Process: First Draft

Remember: Plot is no more than footprints left in the snow after your characters have run by on their way to incredible destinations.

~ Ray Bradbury

I’m going to admit something right now that is somewhat controversial in the writing world. I am not a plotter. I don’t make storyboards or webs or charts or graphs or timelines. I just don’t. I never have (but I won’t say I never will). This little quirk of mine drove my writing professors crazy. They would assign plotting work, and I’d return with a completed story. When asked why I didn’t have an outline or the skeleton of a story, I’d shrug and say it isn’t how I write.

I’ll admit something else, too. As I write this, I’m wincing. I know plotting is super important to a majority of writers. I know I sound inexperienced and ridiculous and some in the writing world want to jump out of their chairs and strangle me through their computer screens. I know.
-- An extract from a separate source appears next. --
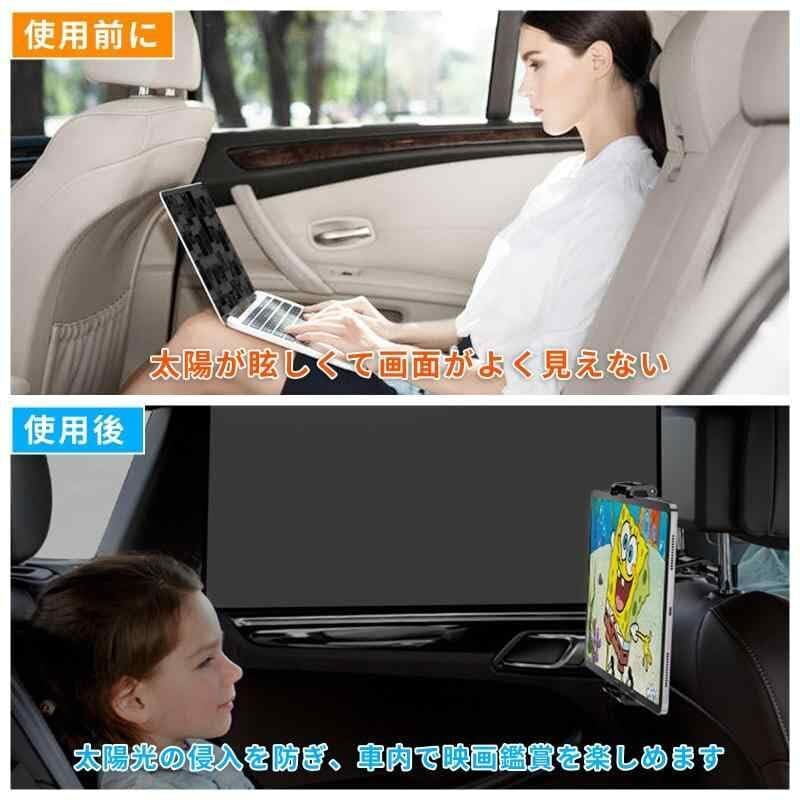 【優れたUVカット性能で快適】UVカット機能で紫外線から車内を守り、ペットや子供の安全を確保します。99%の遮光率で、98%の有害な紫外線をカットすることで、子供や乗客を効果的に保護します。車内温度の上昇を抑制し、快適な環境を提供します。メッシュ生地デザインは、日中の強い日差しを軽減しつつ、外の景色を楽しむことができます。車外からの気になる視線を遮る目隠しとしても活用できます。

I also know not plotting causes major problems. I know it creates huge headaches when it comes to filling plot holes and can create stories that go on and on ad nauseam. I’ve thrown away my fair share of short stories and full-fledged manuscripts because of my lack of plotting. Hundreds of thousands of wasted words. You’d think I’d have learned my lesson by now and gotten down to plotting.

But (as I scrunch up my nose) I haven’t. I’m not sure why I’m so averse to it, but I am. Every time I’ve tried to sit down and plot, I’ve ended up with a prologue instead of a story line. Part of it may be impatience. I just want to write, damn it. Part of it may be the way my ideas come to me—in dreams and sudden revelations. My ideas tend to be very fragile, and if I don’t write them down in short order, I lose them. My stories proceed through my mind like movies. A scene comes to me and when I’m finished writing it, the next waltzes through the front door, demanding attention.

Sometimes, there are gaps in between scenes. For example (without spoilers), the prologue to the second book in the Changing Tides series came to me before the epilogue to The Wheel Mages. I wrote the prologue to the second book, then went back and tried to figure out how to end The Wheel Mages. I didn’t know what the end was at the time, but I knew it had one because the second book had a beginning.

My lack of plotting extends to this blog post too, for the record. I started it over a week ago and am just now getting back to finishing it. Fortunately, it’s easier to check for plot holes in a 900 word blog post than a 105,000 word manuscript.

Lack of plotting aside, the process for my first draft is relatively simple. I write all my manuscripts by hand, usually in the bathtub listening to Pandora. I find writing by hand to be more soothing than typing. It’s quieter, more romantic, and it forces me to slow down and examine my thoughts and my words in a more meaningful way.

Here’s the entirety of The Wheel Mages in handwritten, first-draft form.

I usually write in terms of scenes, not chapters (as discussed above, see how I connected that?). I transcribe onto the computer by chapters, usually at intervals throughout the process when I’m having difficulty finding the next scene. Typing (and self-editing along the way) helps me reinvigorate my brain and get my mojo flowing again (most of the time).

As cliche as it may sound, when it comes to the story line, I let my characters guide me. I have full on fights with my characters sometimes. They really do take on a life of their own in my mind, and occasionally they refuse to do what I want or expect them to do. I’ve actually said to friends before, “Alena is being stubborn and won’t get with it.” No joke. Don’t believe me? Here’s a screenshot:

Please don’t mind my language!

Annoying as it may be, allowing this to happen helps me avoid snags of disingenuity. The plot I expected may not be where the story goes, and I’m okay with that. I don’t want my characters to fit into pegs I’ve created for them. Real people don’t fit into pegs or molds or categories as much as we sometimes want to force them into those places. I want my characters to be real to me, because if they aren’t real to me, they aren’t going to be real to the reader.

At the end of the day, writing is intrinsically personal. Everyone does it differently. That’s what makes it art. It also evolves. We’re always learning. As Hemingway said:

We are all apprentices in a craft where no one ever becomes a master.

I try to live by that and allow myself to learn and observe and grow. I experiment. And I encourage everyone to do the same.